**Try it**
Look below for the line with "图4. 非菌根马尾松与菌根化马尾松根部横切面形态差异(A、B, 非菌根马尾松的根;"; begin the copy there and stop after the line with "- Security &", keeping the text exact and the pictures out.

**Data listing**
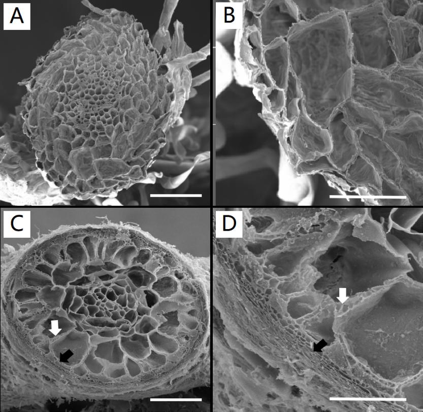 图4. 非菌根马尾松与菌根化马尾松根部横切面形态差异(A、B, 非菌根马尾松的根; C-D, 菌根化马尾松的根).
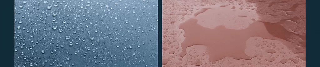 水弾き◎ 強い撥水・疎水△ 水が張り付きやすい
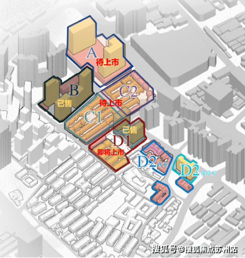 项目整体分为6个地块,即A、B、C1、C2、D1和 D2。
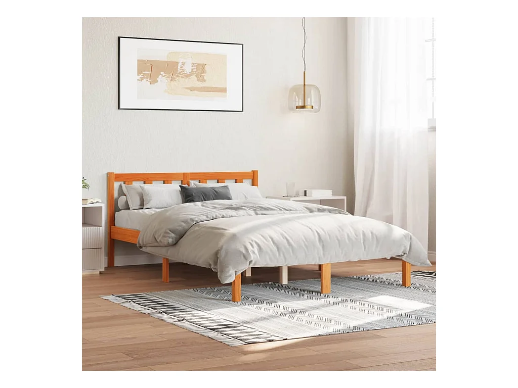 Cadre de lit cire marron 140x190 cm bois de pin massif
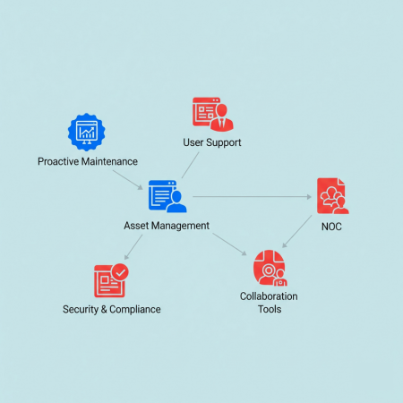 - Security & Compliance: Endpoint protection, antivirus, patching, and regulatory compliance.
==
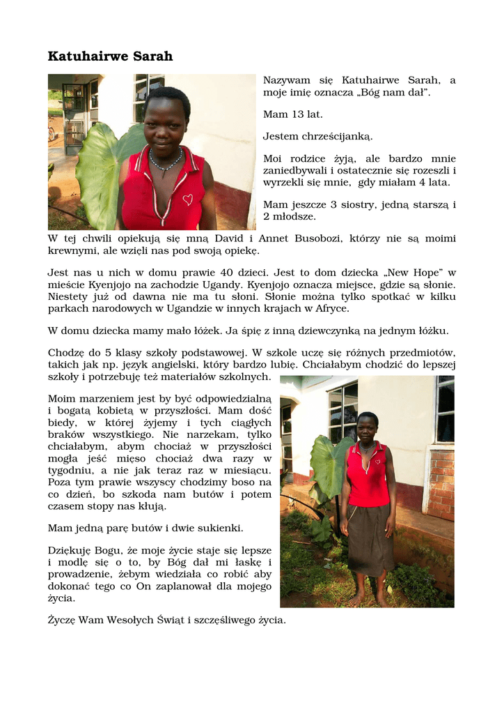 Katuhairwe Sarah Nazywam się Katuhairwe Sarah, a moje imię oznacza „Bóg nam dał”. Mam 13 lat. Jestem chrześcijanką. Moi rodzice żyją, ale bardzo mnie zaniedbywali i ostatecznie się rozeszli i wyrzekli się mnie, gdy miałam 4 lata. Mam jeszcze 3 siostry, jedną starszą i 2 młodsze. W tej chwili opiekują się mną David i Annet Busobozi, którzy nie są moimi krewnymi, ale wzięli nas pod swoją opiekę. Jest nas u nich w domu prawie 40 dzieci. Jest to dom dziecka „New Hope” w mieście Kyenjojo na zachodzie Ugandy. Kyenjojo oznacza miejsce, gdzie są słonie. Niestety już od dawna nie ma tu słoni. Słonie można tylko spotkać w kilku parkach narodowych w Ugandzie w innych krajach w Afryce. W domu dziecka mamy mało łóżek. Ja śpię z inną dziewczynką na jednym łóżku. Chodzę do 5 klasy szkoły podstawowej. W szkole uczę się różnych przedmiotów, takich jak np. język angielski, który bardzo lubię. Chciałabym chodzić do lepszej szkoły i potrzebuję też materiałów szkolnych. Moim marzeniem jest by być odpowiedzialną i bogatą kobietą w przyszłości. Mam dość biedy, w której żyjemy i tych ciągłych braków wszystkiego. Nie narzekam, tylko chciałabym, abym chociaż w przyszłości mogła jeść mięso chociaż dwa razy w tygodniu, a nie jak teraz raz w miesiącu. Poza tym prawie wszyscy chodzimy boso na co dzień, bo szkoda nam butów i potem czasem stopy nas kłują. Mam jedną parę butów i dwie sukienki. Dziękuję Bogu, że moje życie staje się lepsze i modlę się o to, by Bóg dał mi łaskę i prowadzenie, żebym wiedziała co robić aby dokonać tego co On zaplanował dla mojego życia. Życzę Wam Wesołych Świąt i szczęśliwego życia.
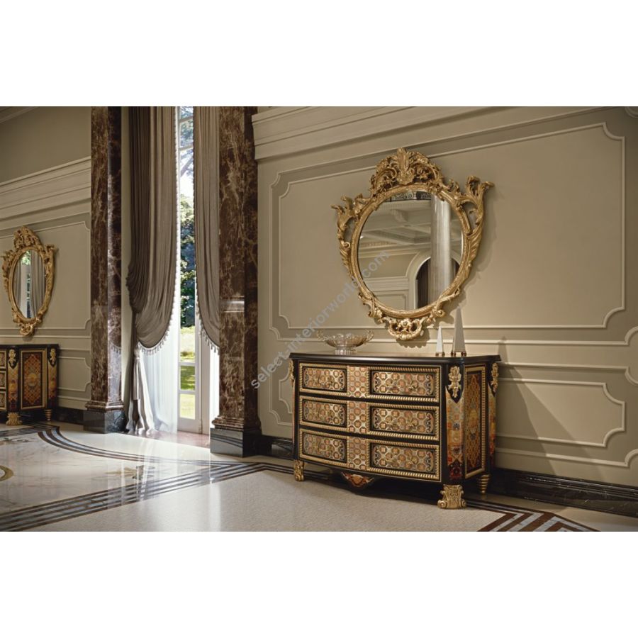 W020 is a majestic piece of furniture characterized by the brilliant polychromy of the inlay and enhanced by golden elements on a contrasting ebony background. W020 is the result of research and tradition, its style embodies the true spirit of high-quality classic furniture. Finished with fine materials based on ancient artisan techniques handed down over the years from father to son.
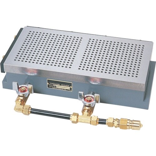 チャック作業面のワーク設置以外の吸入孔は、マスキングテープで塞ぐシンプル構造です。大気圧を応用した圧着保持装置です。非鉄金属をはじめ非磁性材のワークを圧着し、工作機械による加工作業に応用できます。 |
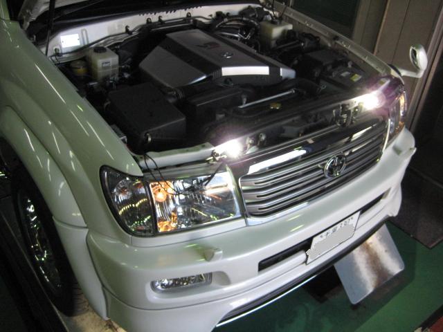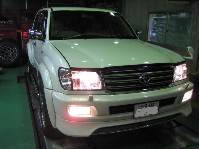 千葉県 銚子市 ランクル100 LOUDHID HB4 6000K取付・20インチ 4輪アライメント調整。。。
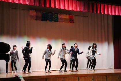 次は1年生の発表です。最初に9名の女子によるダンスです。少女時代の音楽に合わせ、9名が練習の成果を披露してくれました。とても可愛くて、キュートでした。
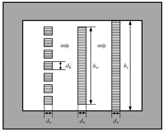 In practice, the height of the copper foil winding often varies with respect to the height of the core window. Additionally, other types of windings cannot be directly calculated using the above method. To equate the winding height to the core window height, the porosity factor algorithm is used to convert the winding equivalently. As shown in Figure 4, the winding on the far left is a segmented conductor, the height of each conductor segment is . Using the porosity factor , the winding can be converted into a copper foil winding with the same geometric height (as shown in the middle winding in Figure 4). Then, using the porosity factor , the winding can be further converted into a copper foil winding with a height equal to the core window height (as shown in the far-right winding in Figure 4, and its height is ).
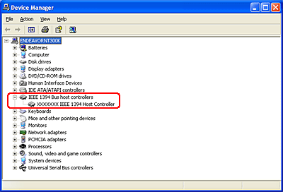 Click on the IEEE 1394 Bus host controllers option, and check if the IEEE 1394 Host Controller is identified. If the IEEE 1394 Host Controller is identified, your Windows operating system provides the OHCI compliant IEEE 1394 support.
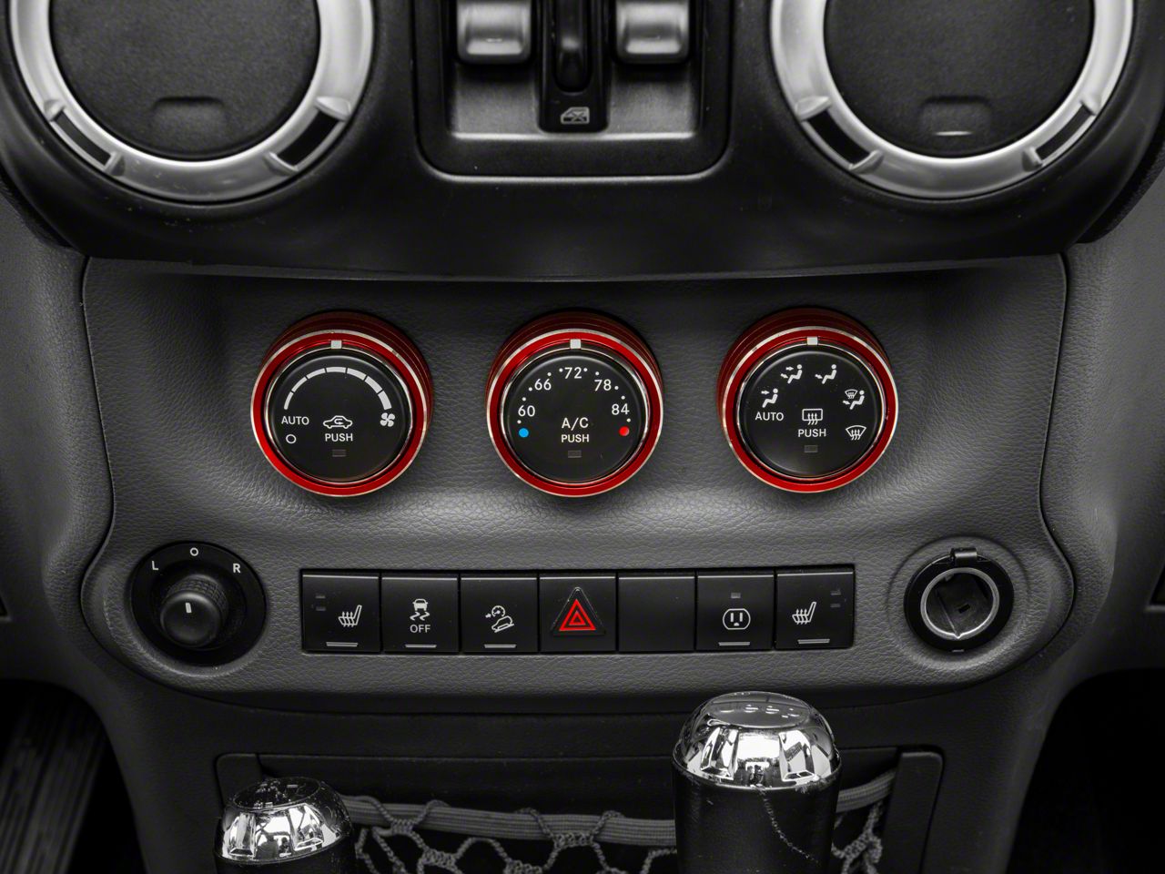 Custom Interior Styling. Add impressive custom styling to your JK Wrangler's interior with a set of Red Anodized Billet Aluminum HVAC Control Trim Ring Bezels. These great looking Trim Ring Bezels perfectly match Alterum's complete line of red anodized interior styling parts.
--
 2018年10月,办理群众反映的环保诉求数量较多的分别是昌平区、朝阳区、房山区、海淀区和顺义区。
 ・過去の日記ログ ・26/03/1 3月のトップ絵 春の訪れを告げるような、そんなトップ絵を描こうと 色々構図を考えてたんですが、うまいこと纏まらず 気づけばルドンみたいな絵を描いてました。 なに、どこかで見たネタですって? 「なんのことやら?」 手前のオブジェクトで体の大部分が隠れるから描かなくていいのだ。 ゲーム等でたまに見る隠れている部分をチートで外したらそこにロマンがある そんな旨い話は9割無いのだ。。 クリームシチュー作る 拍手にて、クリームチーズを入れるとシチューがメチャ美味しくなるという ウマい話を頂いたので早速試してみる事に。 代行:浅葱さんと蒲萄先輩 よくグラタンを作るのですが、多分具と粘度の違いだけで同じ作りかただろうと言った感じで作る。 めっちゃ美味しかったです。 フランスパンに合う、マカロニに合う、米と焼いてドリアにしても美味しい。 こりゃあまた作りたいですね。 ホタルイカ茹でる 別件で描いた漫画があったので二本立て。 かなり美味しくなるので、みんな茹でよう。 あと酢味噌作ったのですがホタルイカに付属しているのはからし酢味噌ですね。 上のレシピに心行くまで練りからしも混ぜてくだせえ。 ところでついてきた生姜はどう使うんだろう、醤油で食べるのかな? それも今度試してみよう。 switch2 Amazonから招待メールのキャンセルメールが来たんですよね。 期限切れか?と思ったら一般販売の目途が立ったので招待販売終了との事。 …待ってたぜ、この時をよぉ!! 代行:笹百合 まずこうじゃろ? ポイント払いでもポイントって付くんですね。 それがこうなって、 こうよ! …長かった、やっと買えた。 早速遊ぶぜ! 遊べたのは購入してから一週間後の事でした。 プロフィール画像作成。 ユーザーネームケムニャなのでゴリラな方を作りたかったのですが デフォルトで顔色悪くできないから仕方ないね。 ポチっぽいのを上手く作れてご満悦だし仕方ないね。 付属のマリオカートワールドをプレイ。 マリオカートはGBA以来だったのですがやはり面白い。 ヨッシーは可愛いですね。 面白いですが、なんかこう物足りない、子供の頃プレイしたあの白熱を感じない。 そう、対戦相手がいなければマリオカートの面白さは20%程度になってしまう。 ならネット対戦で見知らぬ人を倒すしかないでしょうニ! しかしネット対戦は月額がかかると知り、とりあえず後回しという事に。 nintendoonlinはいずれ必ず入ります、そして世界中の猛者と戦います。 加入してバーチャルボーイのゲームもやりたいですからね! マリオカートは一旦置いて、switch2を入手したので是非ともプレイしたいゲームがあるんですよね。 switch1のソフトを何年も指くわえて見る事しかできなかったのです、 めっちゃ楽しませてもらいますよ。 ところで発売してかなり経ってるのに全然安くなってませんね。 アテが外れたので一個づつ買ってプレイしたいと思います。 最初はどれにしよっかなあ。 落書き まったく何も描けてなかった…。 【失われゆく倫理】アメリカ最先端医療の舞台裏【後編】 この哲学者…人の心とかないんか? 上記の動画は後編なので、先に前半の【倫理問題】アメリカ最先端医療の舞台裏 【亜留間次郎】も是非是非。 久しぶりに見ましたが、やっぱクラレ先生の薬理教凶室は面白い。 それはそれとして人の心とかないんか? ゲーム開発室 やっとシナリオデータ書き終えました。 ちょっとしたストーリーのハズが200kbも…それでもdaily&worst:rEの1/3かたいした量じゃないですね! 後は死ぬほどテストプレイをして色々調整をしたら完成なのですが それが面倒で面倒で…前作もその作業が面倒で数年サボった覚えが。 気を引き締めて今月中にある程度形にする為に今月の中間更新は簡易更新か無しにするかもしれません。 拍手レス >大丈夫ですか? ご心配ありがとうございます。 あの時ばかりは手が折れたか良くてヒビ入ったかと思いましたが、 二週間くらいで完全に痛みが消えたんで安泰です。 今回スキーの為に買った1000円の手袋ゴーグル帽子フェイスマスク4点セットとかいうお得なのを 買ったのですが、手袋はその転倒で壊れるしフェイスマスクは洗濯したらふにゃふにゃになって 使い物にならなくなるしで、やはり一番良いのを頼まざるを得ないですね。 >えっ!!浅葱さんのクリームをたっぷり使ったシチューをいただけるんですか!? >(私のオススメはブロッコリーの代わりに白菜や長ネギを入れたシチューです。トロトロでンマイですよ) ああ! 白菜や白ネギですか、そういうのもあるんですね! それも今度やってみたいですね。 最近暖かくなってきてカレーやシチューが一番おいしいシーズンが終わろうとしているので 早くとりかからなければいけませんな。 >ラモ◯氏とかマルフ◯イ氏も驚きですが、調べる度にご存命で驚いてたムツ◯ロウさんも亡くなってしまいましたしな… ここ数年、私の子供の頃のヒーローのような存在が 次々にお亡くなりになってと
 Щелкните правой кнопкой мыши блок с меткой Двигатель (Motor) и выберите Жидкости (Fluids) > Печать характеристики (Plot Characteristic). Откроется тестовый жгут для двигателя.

**Result of the exercise**
 图4. 非菌根马尾松与菌根化马尾松根部横切面形态差异(A、B, 非菌根马尾松的根; C-D, 菌根化马尾松的根).
 水弾き◎ 強い撥水・疎水△ 水が張り付きやすい
 项目整体分为6个地块,即A、B、C1、C2、D1和 D2。
 Cadre de lit cire marron 140x190 cm bois de pin massif
 - Security & Compliance: Endpoint protection, antivirus, patching, and regulatory compliance.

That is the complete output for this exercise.